What is needed is an exact copy of the lines from the line holding "该信息集为单记录信息,每一记" through the end of the material, with no other lines and no pictures.

----------------

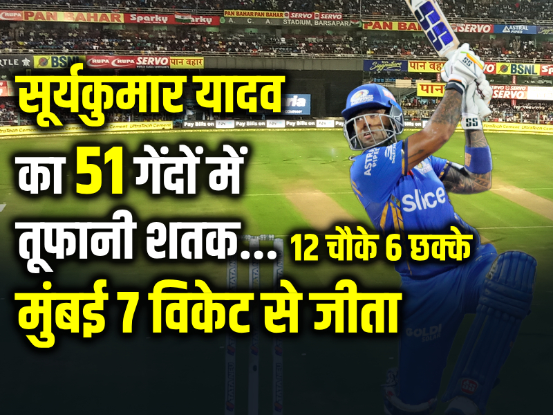 मुंबई की इस जीत में सूर्यकुमार यादव चमके। उन्होंने 51 गेंदों में नाबाद 102 रनों की पारी खेली। सूर्या ने अपनी शतकीय पारी में 12 चौके और 6 छक्के लगाए। जबकि तिलक वर्मा ने उनका बखूबी साथ दिया। जिन्होंने 32 गेंदों में 37 रनों की पारी खेली। स्काई के बल्ले से यह शतक उस समय निकला, जब टीम ने 31 रन पर अपने तीनों शीर्ष बल्लेबाजों को गंवा दिया था।
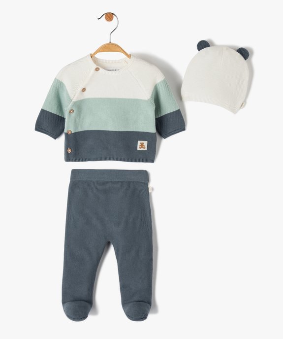 Ensemble bébé layette 3 pièces : brassière + pantalon + bonnet - LuluCastagnette bleu
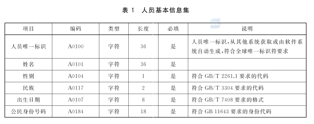 该信息集为单记录信息,每一记录对应一个人。至少由6个信息项(见表1)组成,其他信息项可根据实际情况增加。该信息集内容可单独建立,也可从其他系统中获取。
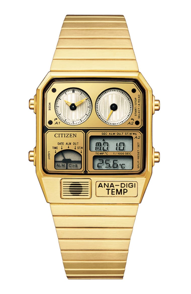 电影《星际大战》联名款,在海内外市场都很受表迷和影迷欢迎。CITIZEN 2021年曾一口气发表六款以《星际大战》知名角色为主题的作品,其中JG2112-55P的设计灵感为C-3PO机器人,因此手表外观呈现相当抢眼的金色,手表表面上半部的小表盘具有垂直线条,看起来就跟C-3PO的眼睛很像,另外手表底盖上也刻有C-3PO的肖像。这款台湾有引进一般版,当中同样有表壳镀金的款式(JG2103-72X),品牌售价为NT$ 8,900。
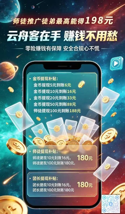 新台子云舟客今天新出零撸广告赚,单机每天30+,手机零投资网赚小项目。
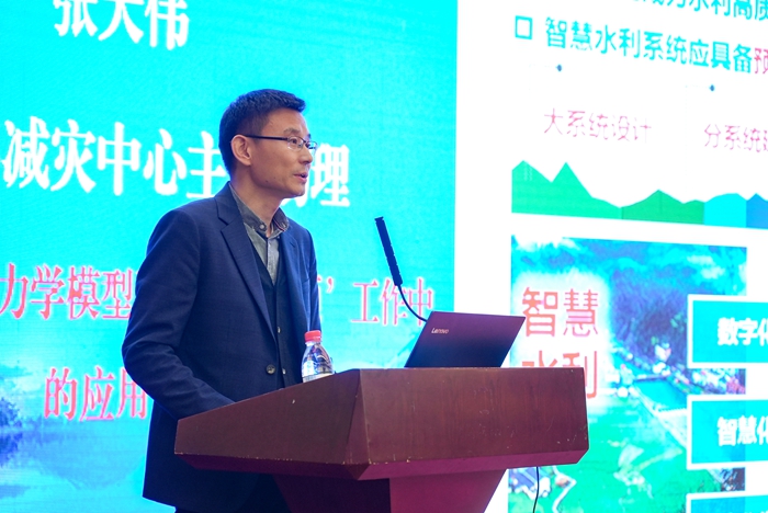 水利部减灾中心主任助理张大伟作题为《新一代洪水动力学模型及其在“四预”工作中的应用》的报告
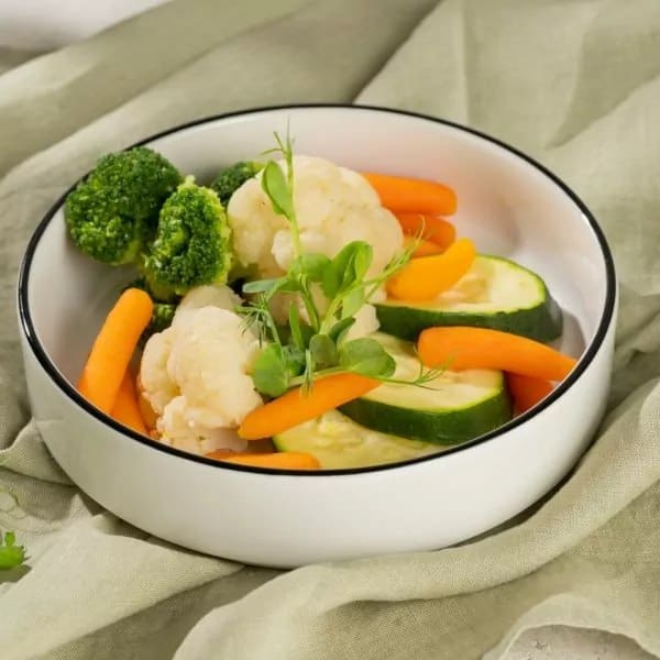 Брокколи, цветная капуста, беби-морковь, цуккини, соль, перец, зелень.
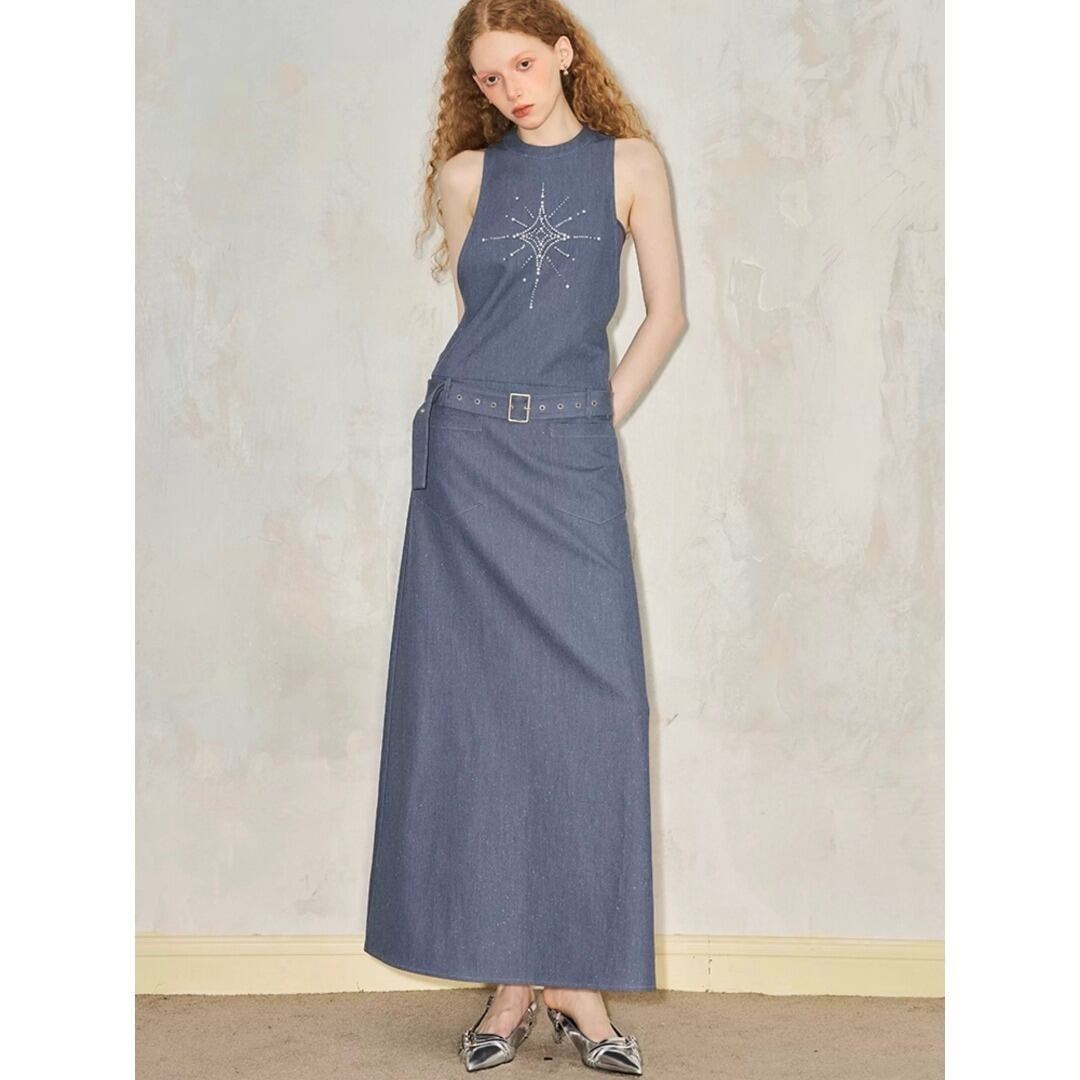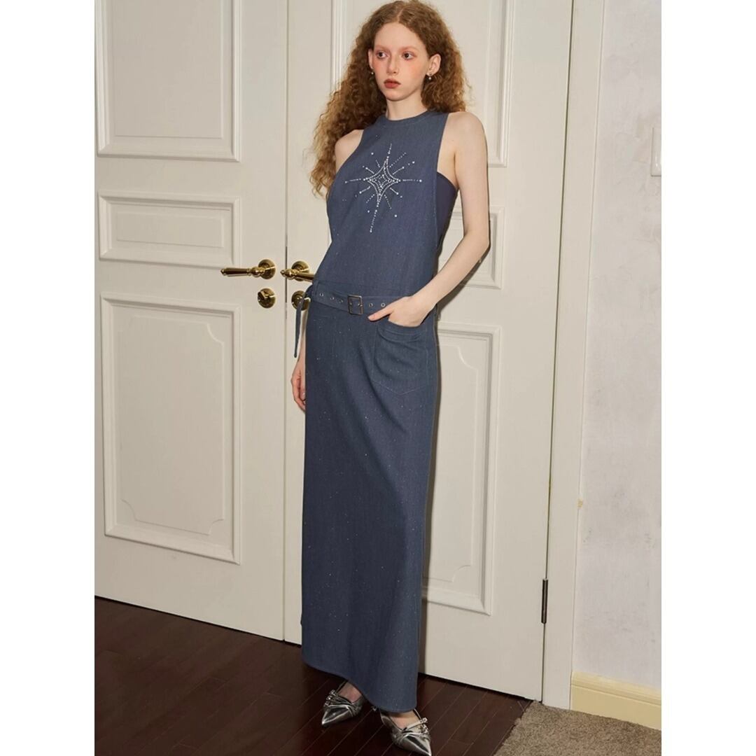 DIDDI MODA デニム シルバーグリッター ワンピース ノースリーブ
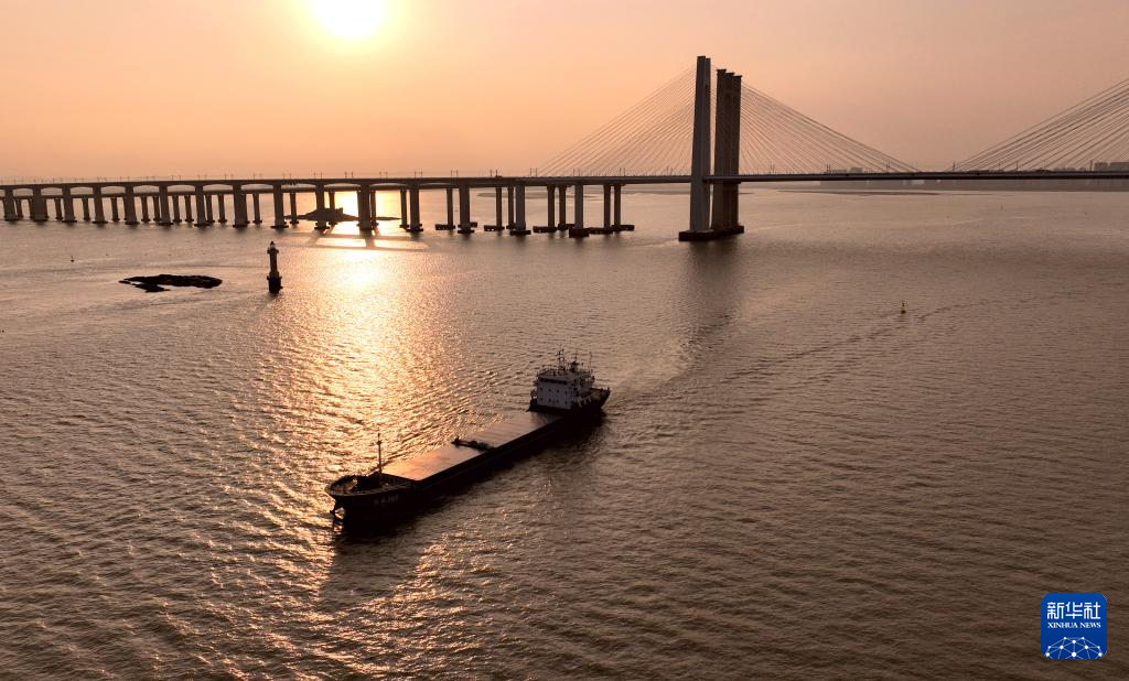 一艘货轮缓缓穿过福厦高铁泉州湾跨海大桥(9月18日摄,无人机照片)。新华社记者 魏培全 摄
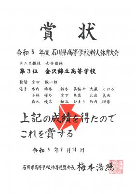 一般女子団体戦において本校ソフトテニス部が第3位に入賞しました。
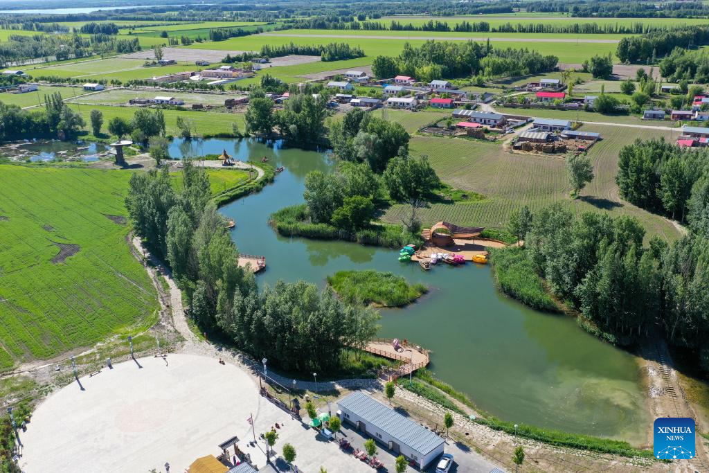 An aerial drone photo taken on May 30, 2024 shows an agro-tourism area in Emin County, Tacheng Prefecture, northwest China's Xinjiang Uygur Autonomous Region. Xinjiang in northwest China has entered its peak tourism season recently. Emin County, located near the China-Kazakhstan border, is a popular tourist destination which provides various rural tour routes and cultural events. (Xinhua/Ding Lei)
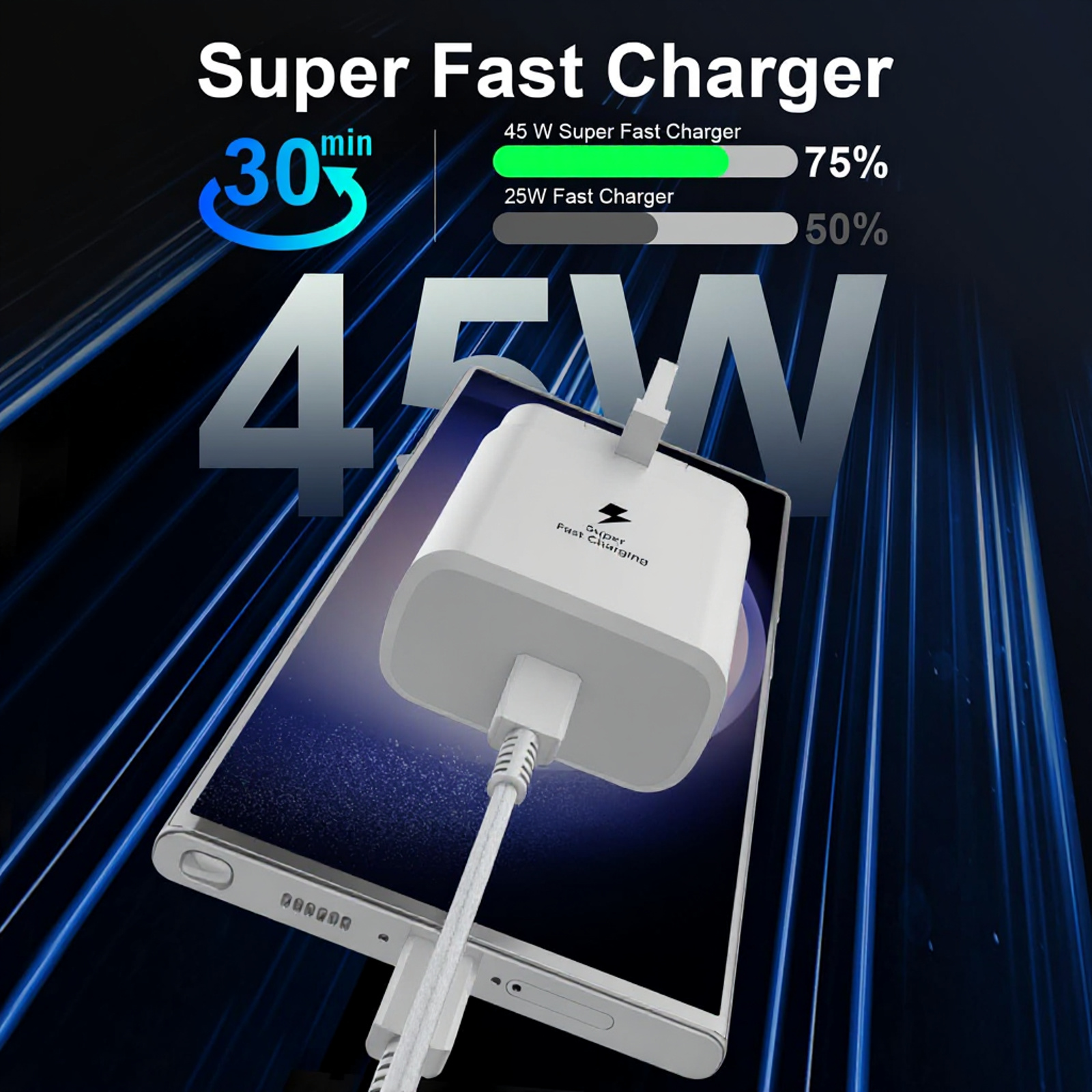 Power up quickly with the 45W Super Fast Charger (White) featuring a durable 1.5M cable. Designed for rapid, safe, and efficient charging of compatible smartphones, tablets, and other USB-C devices.

----------------

» **Expected answer**:
 该信息集为单记录信息,每一记录对应一个人。至少由6个信息项(见表1)组成,其他信息项可根据实际情况增加。该信息集内容可单独建立,也可从其他系统中获取。
 电影《星际大战》联名款,在海内外市场都很受表迷和影迷欢迎。CITIZEN 2021年曾一口气发表六款以《星际大战》知名角色为主题的作品,其中JG2112-55P的设计灵感为C-3PO机器人,因此手表外观呈现相当抢眼的金色,手表表面上半部的小表盘具有垂直线条,看起来就跟C-3PO的眼睛很像,另外手表底盖上也刻有C-3PO的肖像。这款台湾有引进一般版,当中同样有表壳镀金的款式(JG2103-72X),品牌售价为NT$ 8,900。
 新台子云舟客今天新出零撸广告赚,单机每天30+,手机零投资网赚小项目。
 水利部减灾中心主任助理张大伟作题为《新一代洪水动力学模型及其在“四预”工作中的应用》的报告
 Брокколи, цветная капуста, беби-морковь, цуккини, соль, перец, зелень.
 DIDDI MODA デニム シルバーグリッター ワンピース ノースリーブ
 一艘货轮缓缓穿过福厦高铁泉州湾跨海大桥(9月18日摄,无人机照片)。新华社记者 魏培全 摄
 一般女子団体戦において本校ソフトテニス部が第3位に入賞しました。
 An aerial drone photo taken on May 30, 2024 shows an agro-tourism area in Emin County, Tacheng Prefecture, northwest China's Xinjiang Uygur Autonomous Region. Xinjiang in northwest China has entered its peak tourism season recently. Emin County, located near the China-Kazakhstan border, is a popular tourist destination which provides various rural tour routes and cultural events. (Xinhua/Ding Lei)
 Power up quickly with the 45W Super Fast Charger (White) featuring a durable 1.5M cable. Designed for rapid, safe, and efficient charging of compatible smartphones, tablets, and other USB-C devices.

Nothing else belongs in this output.